Request Review of draft-ietf-mpls-in-udp
Requested revision No specific revision (document currently at 11)
Type Early Review
Team Security Area Directorate (secdir)
Deadline 2015-01-20
Requested 2013-10-17
Authors Xiaohu Xu , Nischal Sheth , Lucy Yong , Ross Callon , David L. Black
I-D last updated 2013-10-24
Completed reviews Genart Last Call review of -04 by Roni Even (diff)
Genart Last Call review of -09 by Roni Even (diff)
Secdir Last Call review of -09 by Charlie Kaufman (diff)
Secdir Early review of -03 by Charlie Kaufman (diff)
Opsdir Last Call review of -04 by Nevil Brownlee (diff)
Assignment Reviewer Charlie Kaufman
State Completed
Request Early review on draft-ietf-mpls-in-udp by Security Area Directorate Assigned
Reviewed revision 03 (document currently at 11)
Result Has nits
Completed 2013-10-24
review-ietf-mpls-in-udp-03-secdir-early-kaufman-2013-10-24-00
I have reviewed this document as part of the security directorate's ongoing
effort to review all IETF documents being processed by the IESG.  These
comments were written primarily for the benefit of the security area directors.
 Document editors and WG chairs should treat these comments just like any other
last call comments.

This document defines an encapsulation format for MPLS over UDP. There are
already specifications for MPLS over GRE and MPLS over IP. The motivation to
add this third encapsulation format is to allow better path splitting of the
various substreams within the tunnel. It does this with a clever (and some
would say abusive) use of the UDP Source Port field.

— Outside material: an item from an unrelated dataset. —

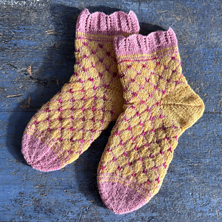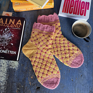 Primula er et par lune sokker i en varm gulfarge med rosa gittermønster og blondekant. De strikkes i hovedsak i et tynt, slitesterkt sokkegarn med nylonforsterkning, uten superwashbehandling.

Because existing routers
know to identify different streams based on the five tuple of source-IP,
destination-IP, source-port, destination-port, and protocol, this encapsulation
attempts to preserve that entropy by setting the source port equal to a hash of
those 5 values of the encapsulated packet.

There is another possible motivation (which I'm surprised the specification
does not mention), which is that some firewalls are willing to pass UDP but not
GRE or MPLS packets.

The Security Considerations correctly notes that this encapsulation format does
not provide any integrity or confidentiality protection, and that if such
protection were to be provided with IPsec in transport mode then the advantage
of better path splitting of the various substreams would be lost. A similar
design could be used when encapsulating IPsec over UDP at the cost of leaking
information about the substreams to traffic analysis. But that would belong in
some other spec that specified an alternate IPsec over UDP format (almost
certainly using a different UDP port).

My only complaint - and it is a minor one - is with the "Congestion
Considerations" section. There, I expected to see something about the handling
of the congestion-experienced bits (though the correct processing is obvious,
probably covered by "Common Procedures" in RFC4023, and perhaps not worth
mentioning). The spec says that if the tunneled traffic is not known to be TCP
friendly and if the flow runs across an unprovisioned path that could
potentially be congested, then the *application* MUST employ additional
mechanisms to ensure that the offered load is reduced appropriately during
periods of congestion. My complaint is that there is no way for the routers
doing the encapsulation/decapsulation to participate in the congestion
mitigation process and therefore no way for an implementation of this
specification to be influenced by this requirement. I believe the spec would be
equivalent and more clear had it said that the tunneled traffic MUST be TCP
friendly. Even then, this seems more like operational guidance than a normative
part of the specification.

I mention these only as suggestions to the community. From a security
standpoint, I believe the document is just fine as is.